The main strength of our study is that this is one of the largest and most well-characterized breast cancer cohorts of Asian women. However, many of the breast cancer risk assessment tools and the PRS are established based on European populations and their utility in Asian breast cancer populations remains unclear. Approximately half of the breast cancer population were identified as high risk, suggesting that other factors not considered in the risk prediction models (e.g., mammographic density, physical activity, alcohol, smoking) studied may be responsible. We classified breast cancer patients into risk categories based on 5-year absolute risks at the age of breast cancer diagnosis; this may not be representative of women without breast cancer. While we are likely to overestimate the 5-year absolute risk, results from the prospective cohort (SCHS) support the use of genetic factors on top of family history and the Gail model. As this is a case-only cohort, the proportions from the risk classification analysis are not representative of the general population, where most women will be classified as low risk. Nonetheless, this will not affect the comparison of how different criteria identify women at high risk.

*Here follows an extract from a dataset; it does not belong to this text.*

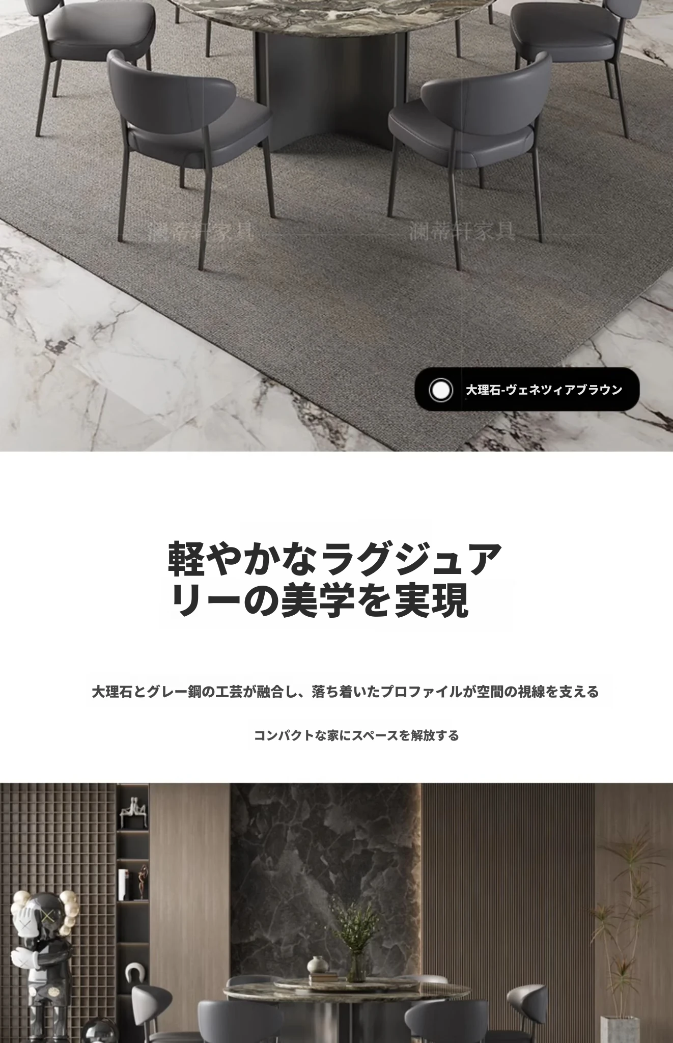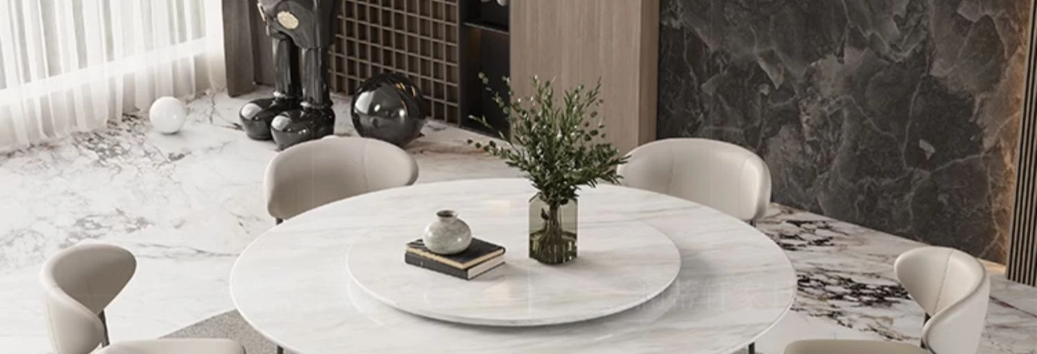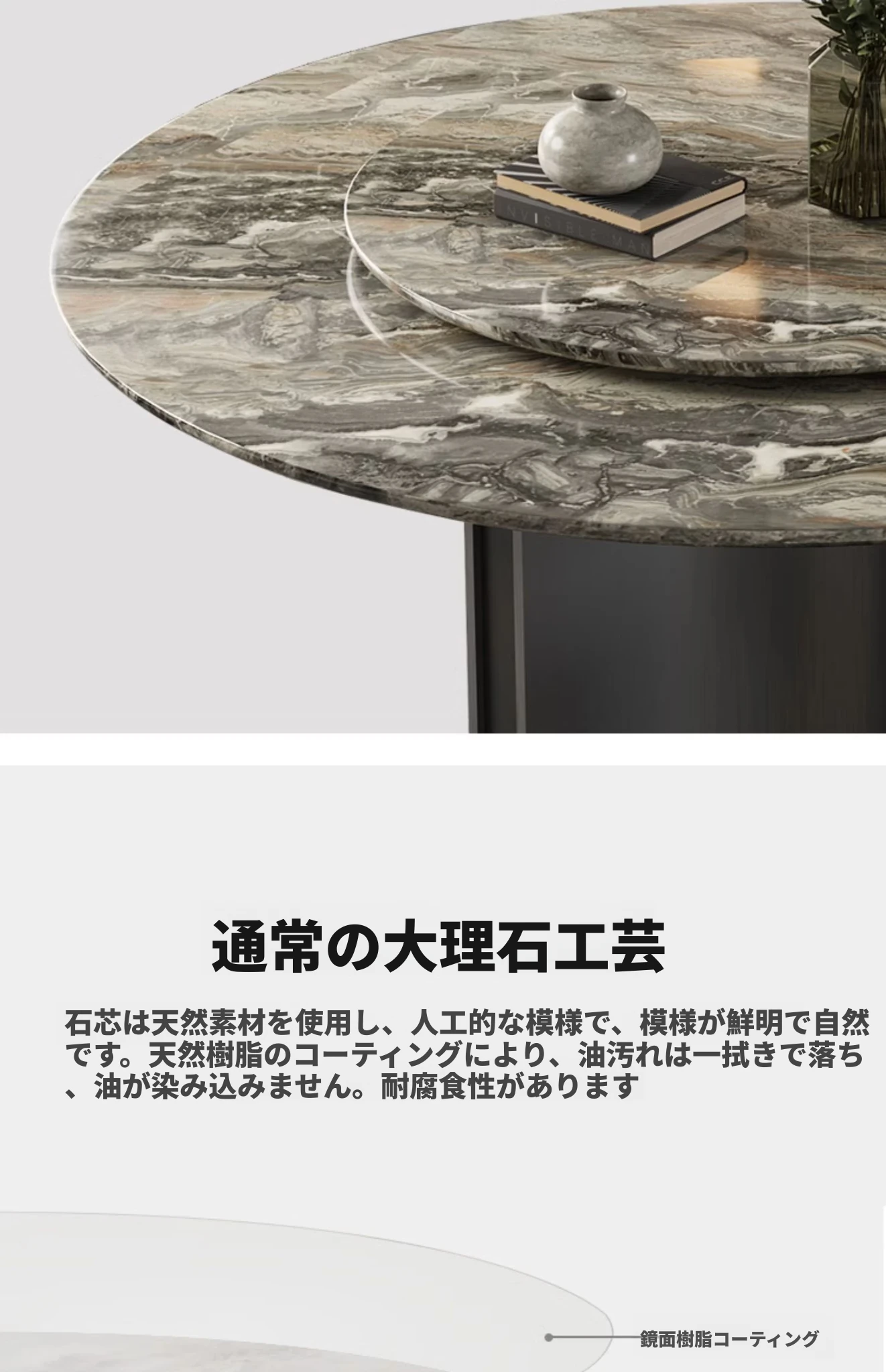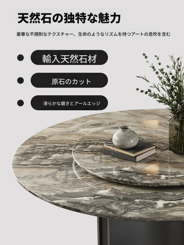 輸入:現代的な大理石ラウンドテーブル - イタリアンスタイルの高級リビング用、輸入の贅沢なヴェネチアブラウンテーブル、回転プレート付きで便利さとエレガンスを両立!

While this study’s main focus was to highlight the lack of an overlap between high-risk women identified by genetic and non-genetic risk factors, it is worth noting that other works in the field have studied the potential improvements in risk prediction by combining different risk factors. For instance, Choudhury et al. explored the value of adding mammographic density and PRS to classical risk factors in a population of women of European ancestry [36]. In a more recent study, Yang et al. assessed the performance of breast cancer risk prediction models incorporating genetic and non-genetic risk factors in 20,444 breast cancer cases and 106,450 controls from the Asia Breast Cancer Consortium [37]. These developments are complementary to the findings of this study and will help pave the way for more patient-centric, data-driven healthcare systems in the future.

Conclusions

In summary, our assessment shows that family history and genetic and non-genetic risk stratification tools have the potential to complement one another to identify women at high risk in breast screening programs. The results add to the growing body of evidence to support a paradigm shift from an approach that is age-based to risk-based.